Bcl-x(L) prevents the initial decrease in mitochondrial membrane potential and subsequent reactive oxygen species production during tumor necrosis factor alpha-induced apoptosis.

The Bcl-2 family of proteins are involved in regulating the redox state of cells. However, the mode of action of Bcl-2 proteins remains unclear. This work analyzed the effects of Bcl-x(L) on the cellular redox state after treatment with tumor necrosis factor alpha (TNF-alpha) or exogenous oxidants. We show that in cells that undergo TNF-alpha-induced apoptosis, TNF-alpha induces a partial decrease in mitochondrial membrane potential (DeltaPsi(m)) followed by high levels of reactive oxygen species (ROS). ROS scavengers delay the progression of mitochondrial depolarization and apoptotic cell death.

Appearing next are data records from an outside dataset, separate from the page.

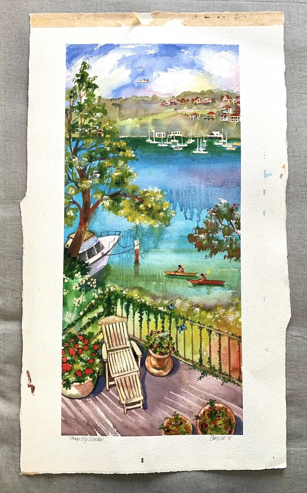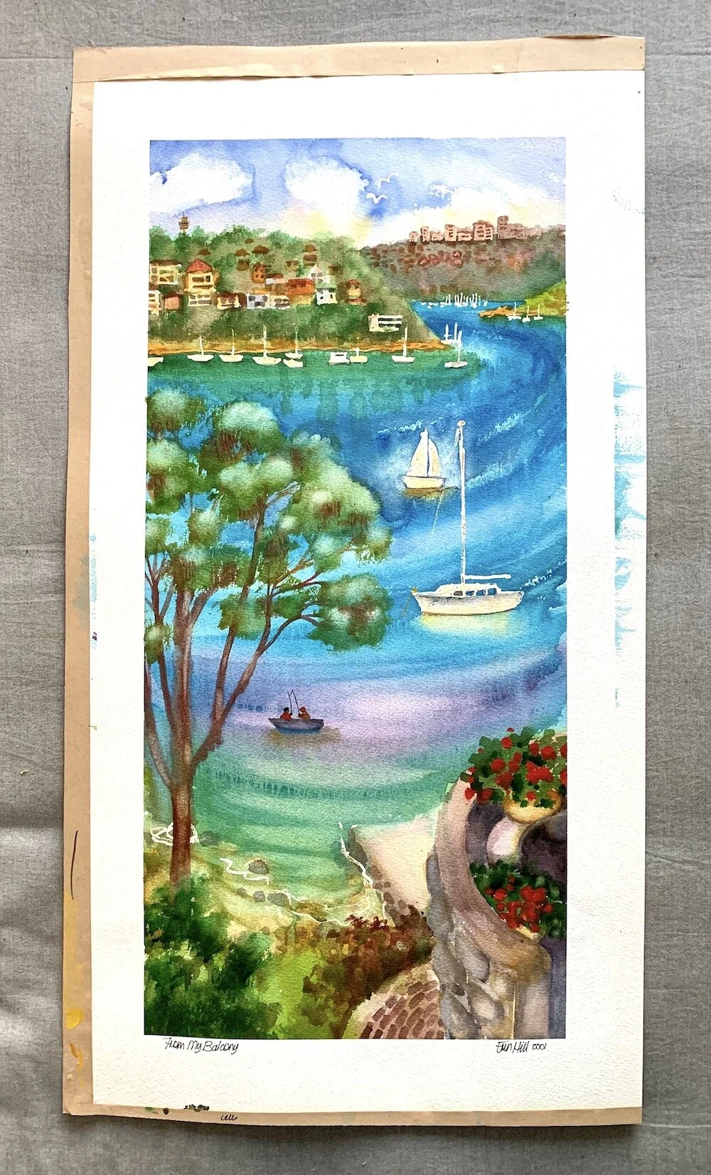 Original Watercolour. One of a pair. ‘From my Balcony’ Seaforth, Sydney. Image 65cm x 30cm. 2001. AU$225ea
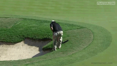 Ryan Palmer hit an absolutely terrible bunker shot on the 5th hole in Sunday’s final round, but he managed to get a pretty fortunate break:
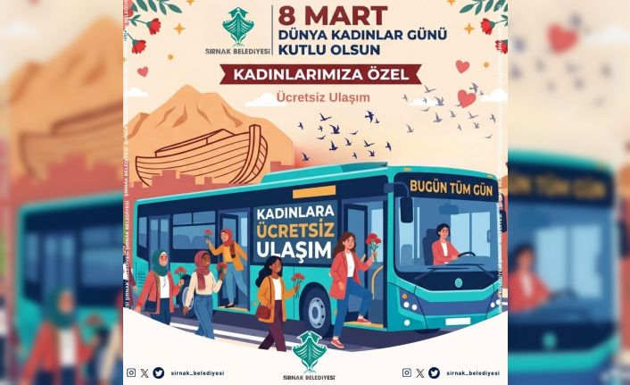 Şırnak Belediyesi, 8 Mart Dünya Kadınlar Günü dolayısıyla belediye bünyesinde hizmet veren toplu ulaşım araçlarının kadınlara ücretsiz olacağını duyurdu.
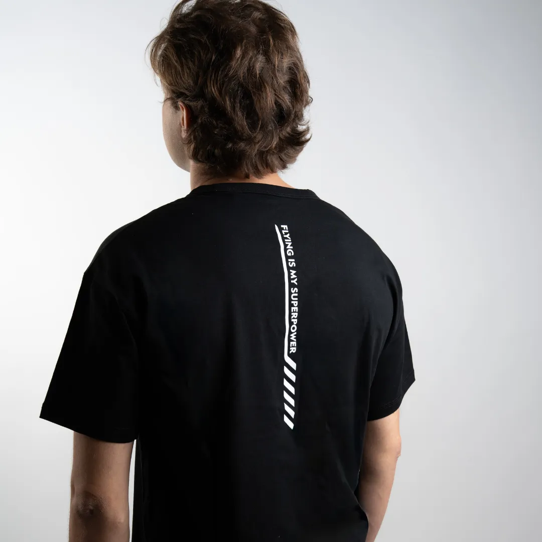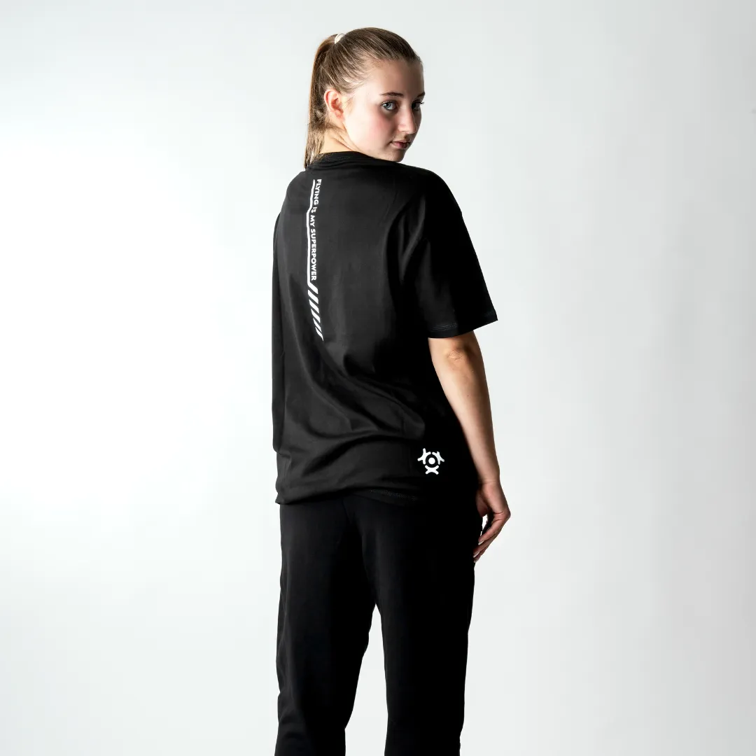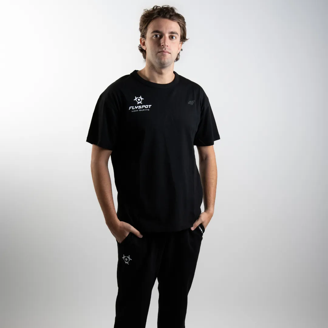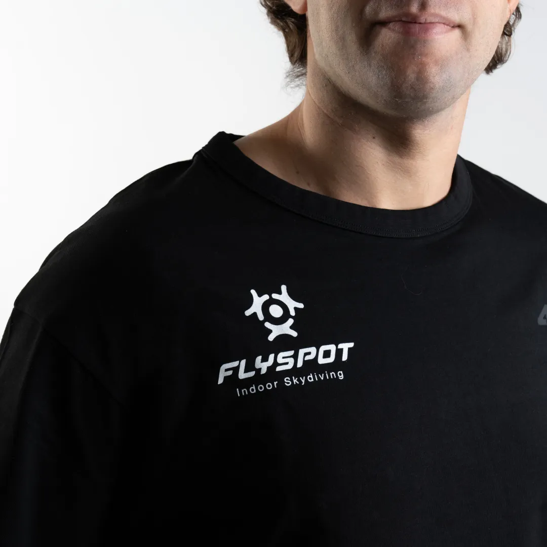 Na przodzie znajduje się logo Flyspot – Indoor Skydiving oraz subtelne oznaczenie marki 4F, a na plecach – pionowy nadruk z napisem “FLYING IS MY SUPERPOWER”, który podkreśla energię społeczności Flyspot.
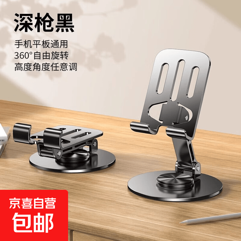 【超值包邮】胡桃纹仿木质感桌面金属可折叠旋转手机支架懒人直播便携耐用苹果安卓鸿蒙手机通用 特惠款-灰【全金属】360°旋转折叠(008-2)
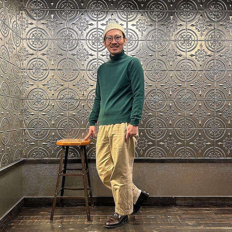 WILLIAM LOCKIE (ウィリアム ロッキー) LAMBSWOOL JUMPER ROLL NECK SWEATER - NAVY

This indicates that ROS are important mediators of mitochondrial depolarization. However, ROS scavengers fail to prevent the initial TNF-alpha-induced decrease in DeltaPsi(m). In contrast, expression of Bcl-x(L) prevents both the initial decrease in DeltaPsi(m) following TNF-alpha treatment and the subsequent induction of ROS. Bcl-x(L) itself does not act as a ROS scavenger. In addition, Bcl-x(L) does not block the initial decrease in DeltaPsi(m) following treatment with the oxidant hydrogen peroxide. However, unlike control-transfected cells, Bcl-x(L)-expressing cells can recover their mitochondrial membrane potential following the initial drop in DeltaPsi(m) induced by hydrogen peroxide. These data suggest that Bcl-x(L) plays a regulatory role in controlling the membrane potential of and ROS production by mitochondria rather than acting as a direct antioxidant.